About this task => Exactly and only the lines below from the one containing "50-year probability of" down to the one containing "allowing product orientation." are wanted, both included; please exclude every picture.

Data for review =>
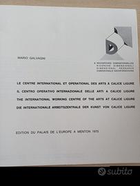"Le Centre International et Operationnel des Arts à Calice Ligure", appartiene alla serie "Recherches Dimensionnelles n.2", pubblicata dalle Editions du Palais de l'Europe a Mentone nel 1970. Stile Architettonico: Le forme plastiche e scultoree mostrate nell'immagine sono tipiche dello stile di Galvagni, che spesso utilizzava geometrie complesse per esplorare nuove relazioni tra spazio e percezione umana. Un esempio celebre della sua opera in Liguria è la cosiddetta "Casa con le orecchie", che condivide un linguaggio visivo simile. Libro multilingue: italiano, inglese, tedesco e francese
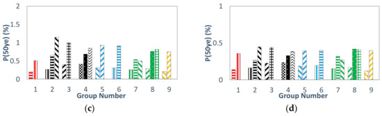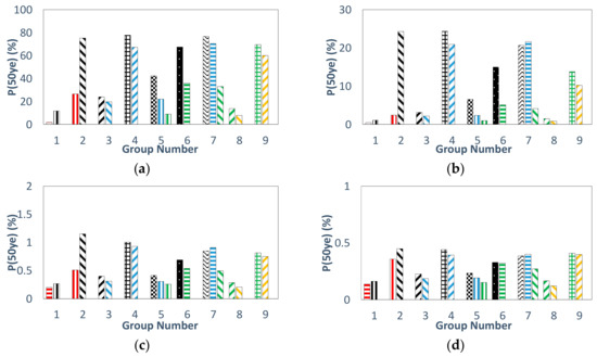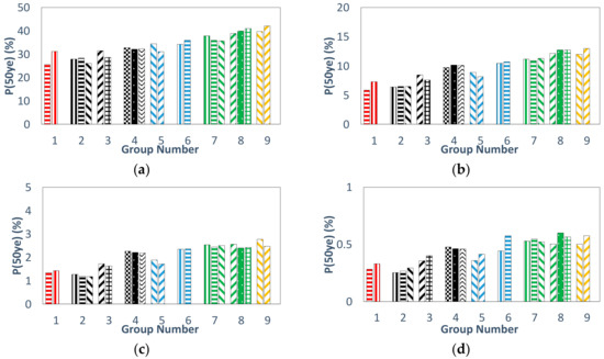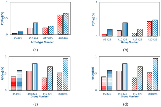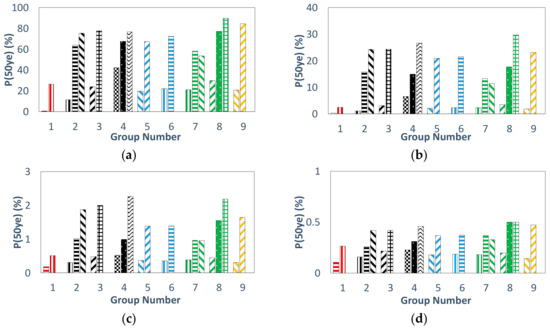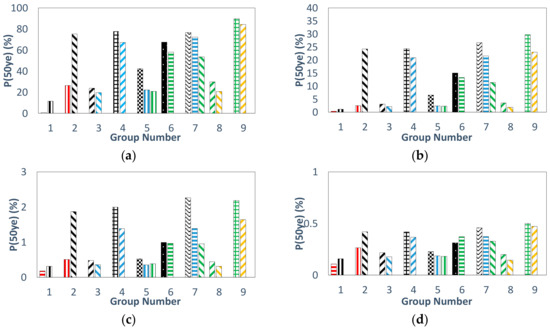 50-year probability of exceedance of SC “Category 2”: (a) DS1, (b) DS2, (c) DS3, (d) DS4.
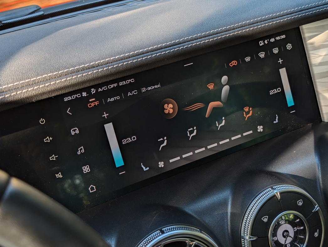 Итак, общее состояние салона: ни выраженных потертостей на руле и сиденьях, ни царапин на панелях. Следы эксплуатации, разумеется, присутствуют — журналисты не щадят тестовые машины — но все в рамках естественного. «Да какие могут быть повреждения на таком скромном пробеге?» — быть может, спросите вы. Отвечу примером: не так давно мы испытывали авто другого премиального бренда из КНР, и там внутреннее убранство выглядело так, будто машина отслужила пять лет в такси, хотя на одометре не было и 20 тысяч.
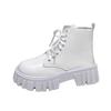 Новые женские белые ботильоны из искусственной кожи, армейские ботинки на толстой подошве со шнуровкой, женская осенне-зимняя обувь на платформе, женская обувь
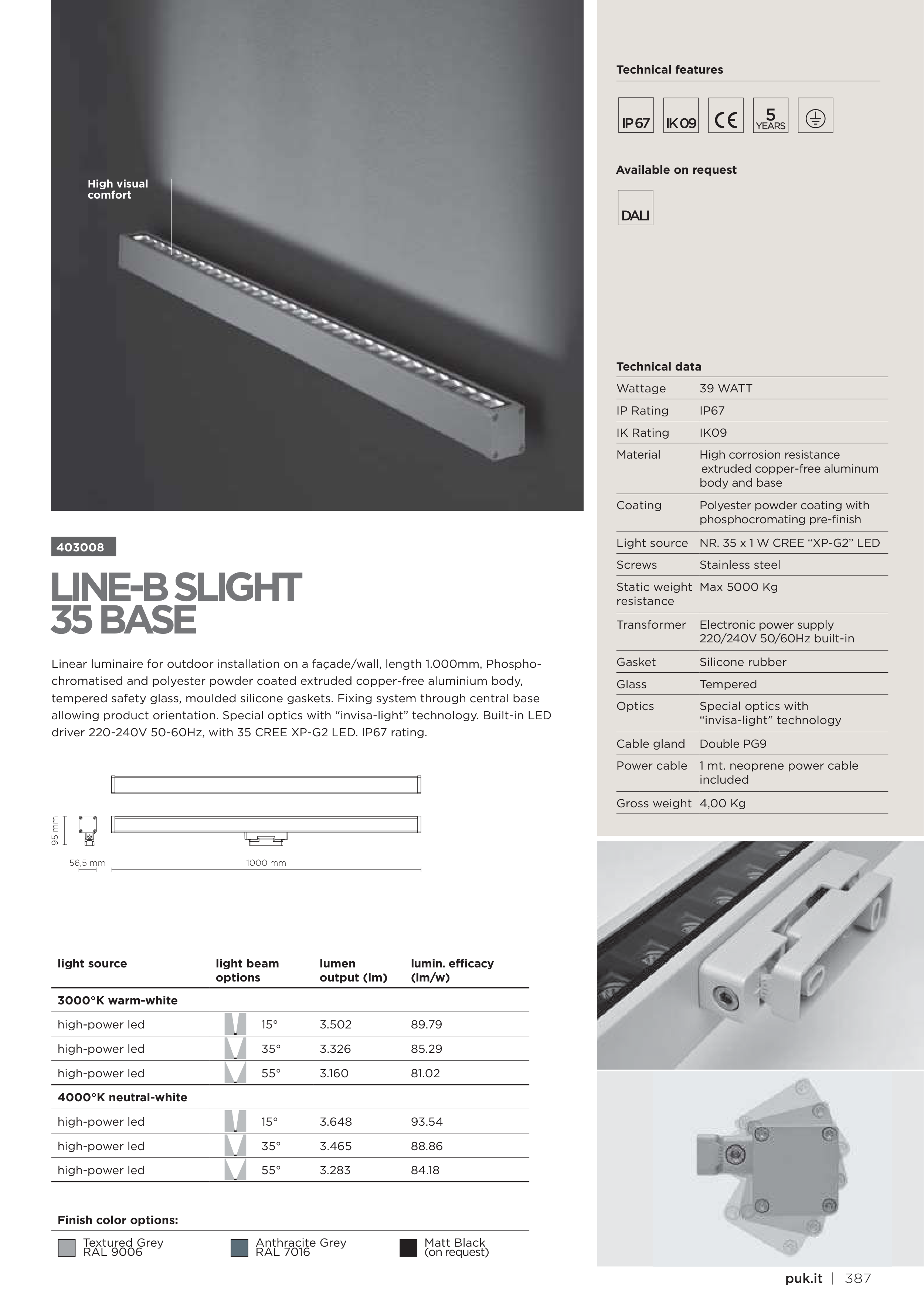 allowing product orientation. Special optics with “invisa-light” technology. Built-in LED
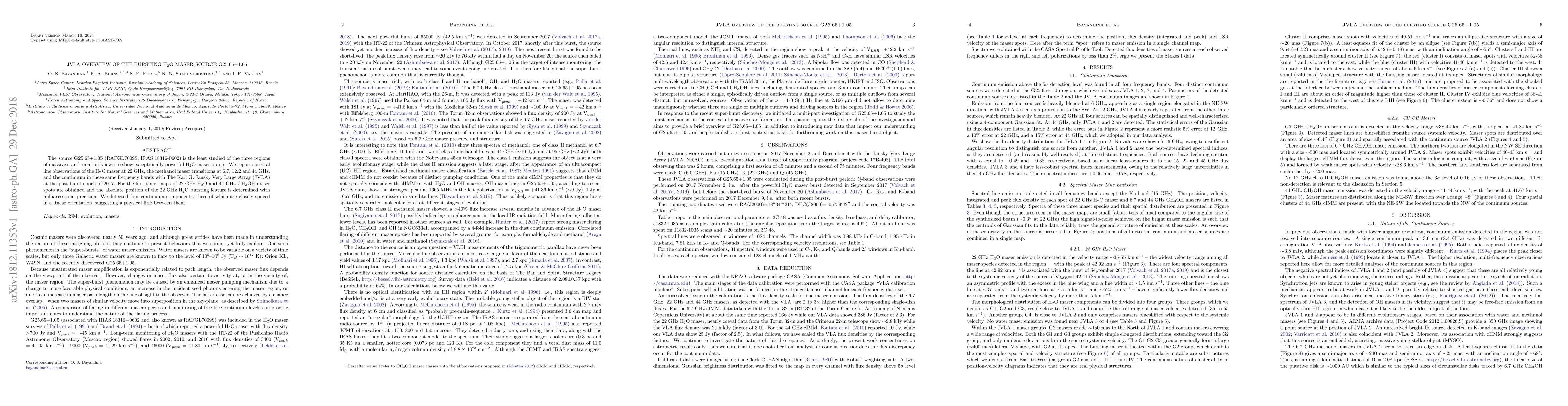The source G25.65+1.05 (RAFGL7009S, IRAS 18316-0602) is the least studied of the three regions of massive star formation known to show exceptionally powerful H$_2$O maser bursts. We report spectral line observations of the H$_2$O maser at 22 GHz, the methanol maser transitions at 6.7, 12.2 and 44 GHz, and the continuum in these same frequency bands with The Karl G. Jansky Very Large Array (JVLA) at the post-burst epoch of 2017. For the first time, maps of 22 GHz H$_2$O and 44 GHz CH$_3$OH maser spots are obtained and the absolute position of the 22 GHz H$_2$O bursting feature is determined with milliarcsecond precision. We detected four continuum components, three of which are closely spaced in a linear orientation, suggesting a physical link between them.
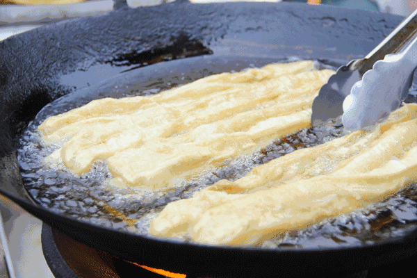 人们在炸油条的时候
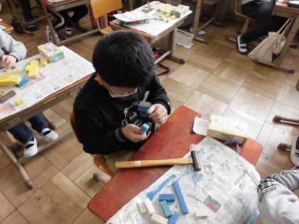 3年生 くぎ打ちトントン 公開日 2021/02/17 更新日 2021/02/17 3年生 何度か打ち込むうちに,きれいにまっすぐ打てるようになってきました! 集中しているので,けが人も0人。 順調です。
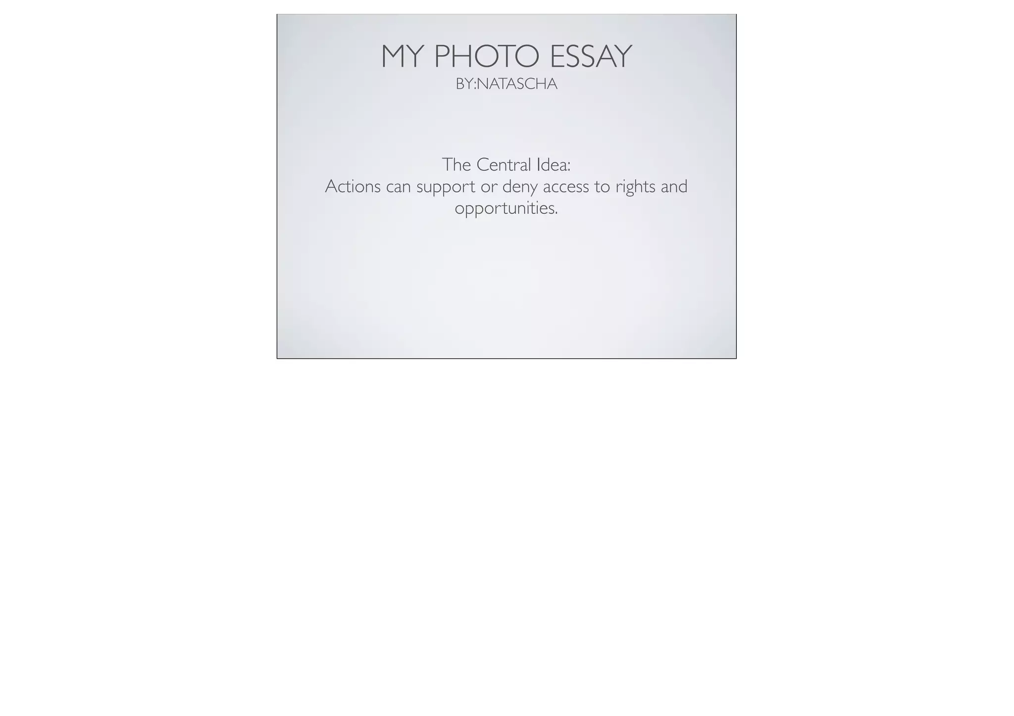 Natasha's photo essay discusses how actions can either support or deny people's rights and opportunities. The essay provides three examples to prove this central idea: (1) the story of Iqbal, a boy who escaped child labor and helped shut down the carpet factory, supporting children's rights; (2) the story of Megan Meier, who committed suicide after being cyberbullied, denying her upcoming rights and opportunities; and (3) the work of Unicef to help kids in poverty around the world and support their right to live.
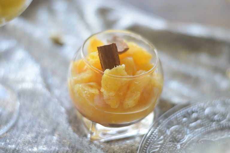 Et maintenant  ? Pelez les oranges et découpez la chair en petits morceaux. Saupoudrez de cannelle, mélangez et laissez mariner 30 min. Dressez dans une verrine.
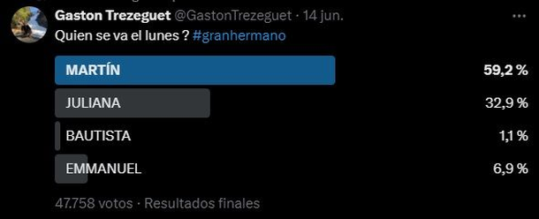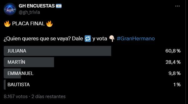 Por su parte, @gh_trivia, una de las cuentas más especializadas en lo que a encuestas de Gran Hermano se refiere, llegaron un total de 8.000 votos. En esta ocasión, los votantes también escogieron a Furia como la futura eliminada del certamen con un 60.8% de los votos y, al igual que en la de Federico, Martín Ku se quedó con el segundo puesto con el 28.4% de los votos. Emanuel, por otro lado, volvió al tercer puesto con un 9.8%.
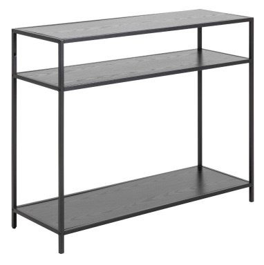 Konsoollaud mis on tehtud mustast metallkarkassist. Laua vaheplaadid on lamineeritud kattega mööbliplaadist ning viimistletud musta tammega.
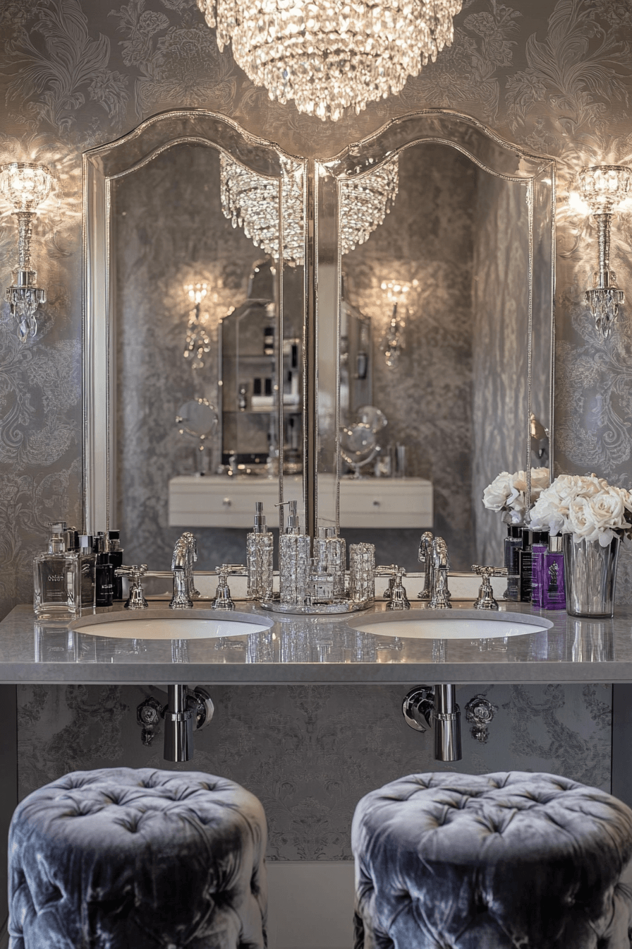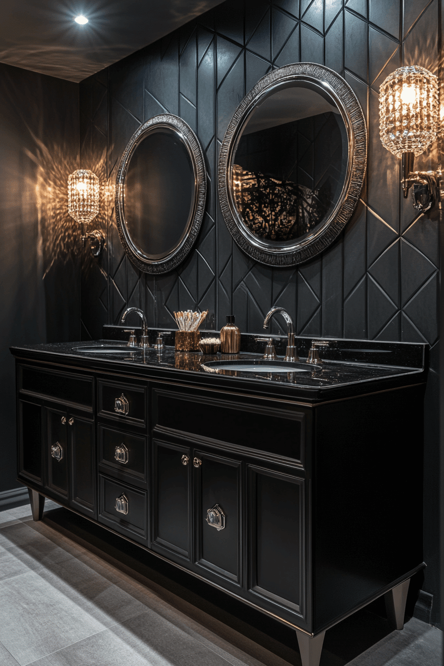 Art Deco influence brings bold elegance to a double sink bathroom vanity with geometric patterns and rich finishes. Metallic accents enhance the luxurious feel. This double sink bathroom vanity creates a striking and refined look. Statement details complete the design. The space feels glamorous and polished. Add timeless glamour to your bathroom.
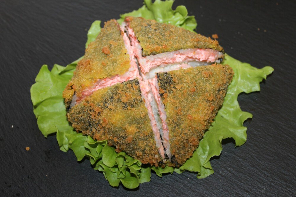 Лосось с/с, огурец, соус яки, рис, нори, кляр, сухари.
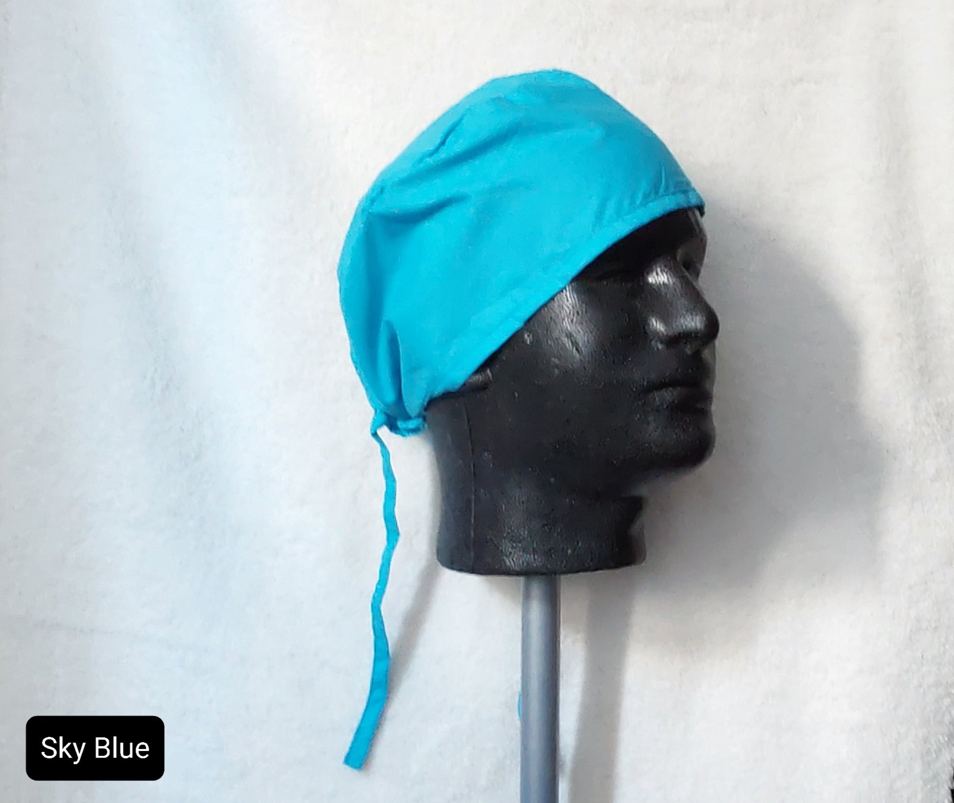 Sizing: We can currently offer surgeon's caps in sizes medium, large and extra-large. The large and extra-large caps are made with space for a pony-tail or bun.
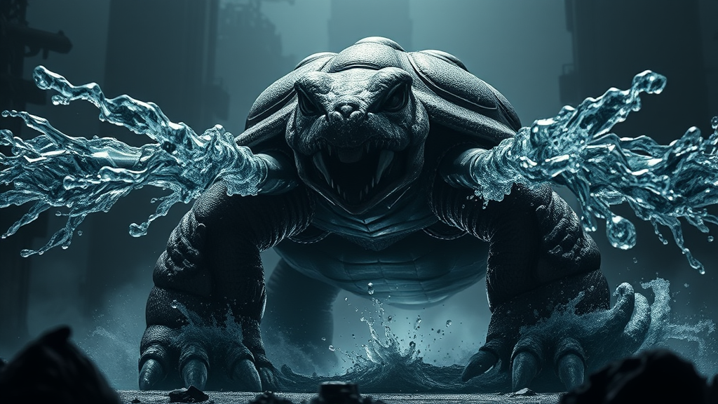 A massive, foreboding dark Pokémon, Blastoise surges forward, embodying a towering monstrous turtle. Its cannons unleash torrents of water with overwhelming force, each droplet glistening in wet, dense waves. The scene unfolds in a twisted, macabre setting, where shadows play with intricate designs and grotesque details. Dramatic lighting casts an eerie glow, highlighting every sinew and shell with hyperrealistic precision. The atmosphere is charged with horror, yet it's mesmerizingly photorealistic and cinematic, drawing the eye to its breathtaking complexity. Shot in 8k resolution, this image captures an epic display of raw, natural power in a format that is both intensely real and vividly imagined.
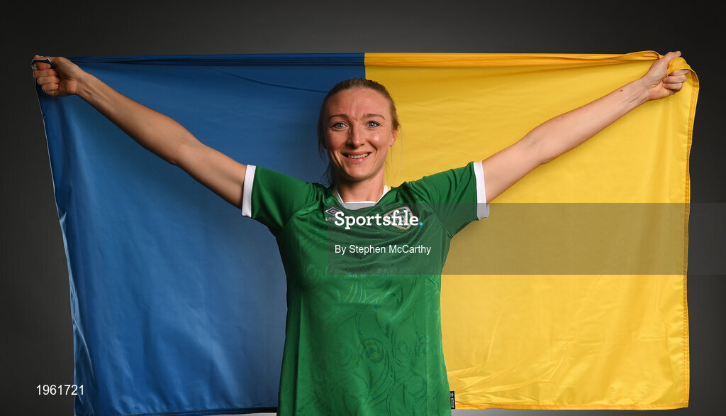 27 November 2020; Republic of Ireland's Louise Quinn, from Wicklow, poses during a Republic of Ireland Women portrait session at the Castleknock Hotel in Dublin. Photo by Stephen McCarthy/Sportsfile
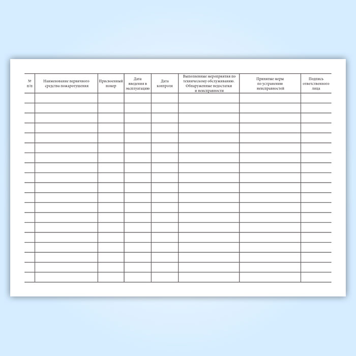См. также Журнал контроля состояния первичных средств пожаротушения, графы которого отличаются.
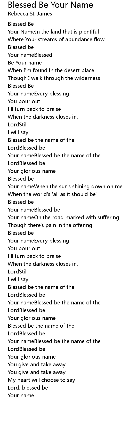Your nameBlessed be the name of the |

Solved exercise =>
 50-year probability of exceedance of SC “Category 2”: (a) DS1, (b) DS2, (c) DS3, (d) DS4.
 Итак, общее состояние салона: ни выраженных потертостей на руле и сиденьях, ни царапин на панелях. Следы эксплуатации, разумеется, присутствуют — журналисты не щадят тестовые машины — но все в рамках естественного. «Да какие могут быть повреждения на таком скромном пробеге?» — быть может, спросите вы. Отвечу примером: не так давно мы испытывали авто другого премиального бренда из КНР, и там внутреннее убранство выглядело так, будто машина отслужила пять лет в такси, хотя на одометре не было и 20 тысяч.
 Новые женские белые ботильоны из искусственной кожи, армейские ботинки на толстой подошве со шнуровкой, женская осенне-зимняя обувь на платформе, женская обувь
 allowing product orientation. Special optics with “invisa-light” technology. Built-in LED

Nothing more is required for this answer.